Text Classification
Definition
Text classification is a supervised NLP task where a model learns to assign one or more labels from a fixed set to input text. Applications span spam detection, topic labeling, language identification, content moderation, and support ticket routing. Modern classifiers use transformer encoders fine-tuned on labeled datasets, achieving near-human accuracy on many benchmarks. Multi-label classification allows a single document to receive multiple tags (e.g., a bug report that is both 'urgent' and 'authentication-related'). Zero-shot classification extends this to unseen label sets using natural language descriptions.
Why It Matters
For AI chatbots and support systems, text classification is the first decision layer that routes each incoming message to the right workflow. Without classification, every message goes to a generalist handler that may respond suboptimally. With classification, 'billing dispute' messages route to billing agents, 'password reset' to automated flows, and 'account closure' to retention specialists. Accurate classification directly impacts resolution speed, customer satisfaction, and operational cost.
How It Works
Fine-tuned transformer classifiers (BERT, RoBERTa, DistilBERT) take a text input, process it through the transformer encoder, and use the [CLS] token embedding as a document representation fed into a linear classification head. The head outputs logits over the label set, trained with cross-entropy loss on labeled examples. For low-data scenarios, few-shot prompting of large language models can achieve competitive results. Embedding-based classifiers compute similarity between document embeddings and label embeddings, enabling zero-shot generalization.

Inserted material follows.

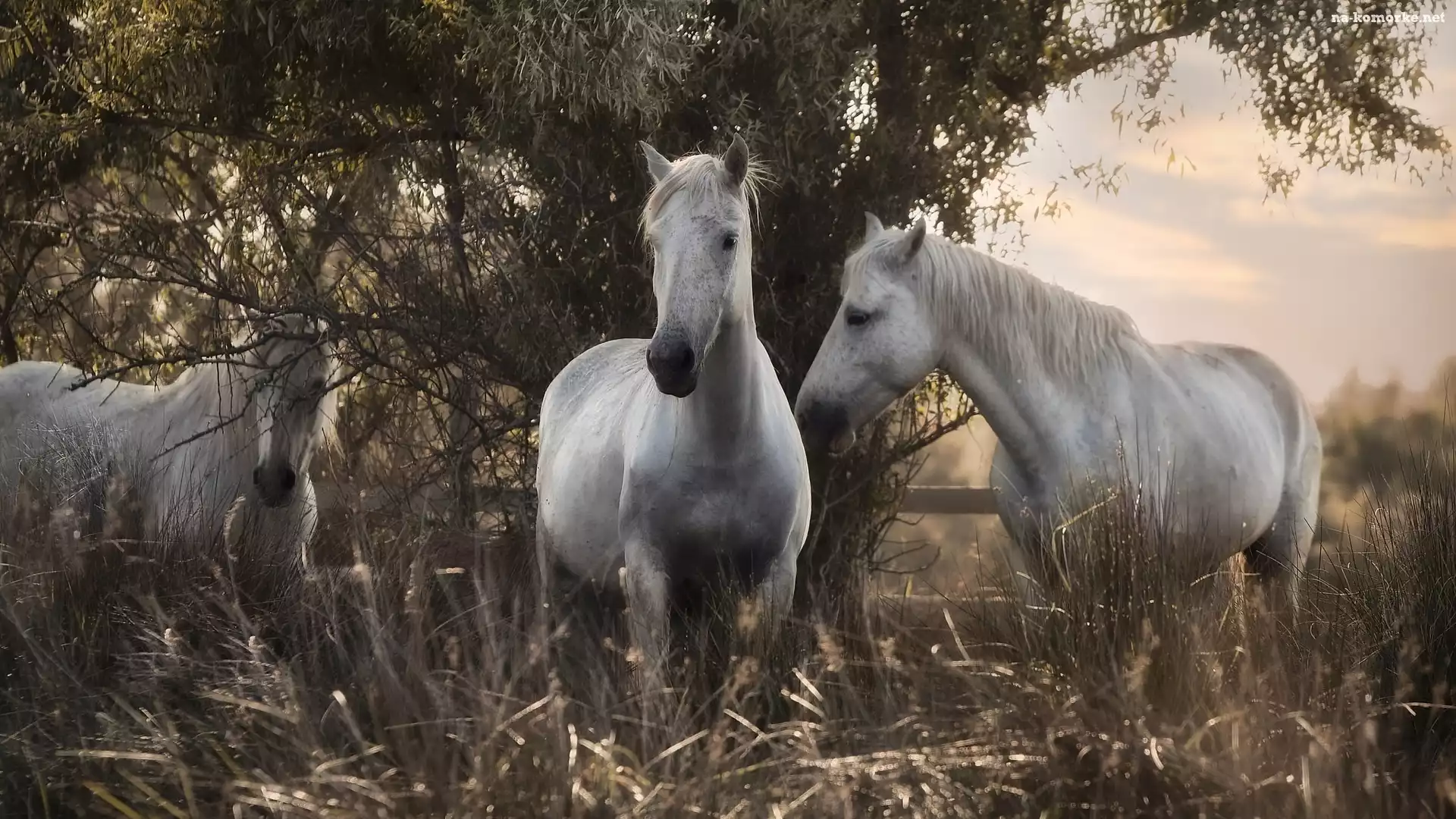 Trzy, Rośliny, Konie, Drzewo na Komórkę

Text Classification — Sentiment Analysis Pipeline
Top features extracted
Softmax probabilities
Real-World Example
A fintech company classifies 50,000 daily support messages across 12 categories using a fine-tuned DistilBERT model. The classification layer reduces average handling time by 40% by routing each ticket to the correct specialist team before a human even reads it. The model was trained on 8,000 labeled historical tickets and achieves 94% accuracy—outperforming the previous keyword-routing system at 78% accuracy.
Common Mistakes
- ✕Training on imbalanced classes without oversampling or loss weighting—minority classes get ignored
- ✕Using a single model for very different text lengths (tweet vs. paragraph) without appropriate truncation strategy
- ✕Treating classification as solved once deployed—label distributions shift over time and models need retraining
Related Terms
Intent Detection
Intent detection classifies user messages into predefined categories representing the user's goal—such as 'check order status' or 'report a bug'—enabling chatbots to route queries to the appropriate responses or workflows.
Sentiment Analysis
Sentiment analysis in customer support uses natural language processing to automatically detect the emotional tone of customer messages — positive, negative, or neutral — enabling prioritization, coaching, and experience improvement.
Natural Language Processing (NLP)
Natural Language Processing (NLP) is the field of AI focused on enabling computers to understand, interpret, and generate human language—powering applications from chatbots and search engines to translation and sentiment analysis.
Zero-Shot Classification
Zero-shot classification assigns labels to text using only natural language descriptions of the categories—requiring no labeled training examples—enabling flexible, rapid deployment of text classifiers for novel categories.
Named Entity Recognition (NER)
Named Entity Recognition (NER) is an NLP task that identifies and classifies named entities in text—people, organizations, locations, dates, product names, and other specific items—enabling structured extraction from unstructured text.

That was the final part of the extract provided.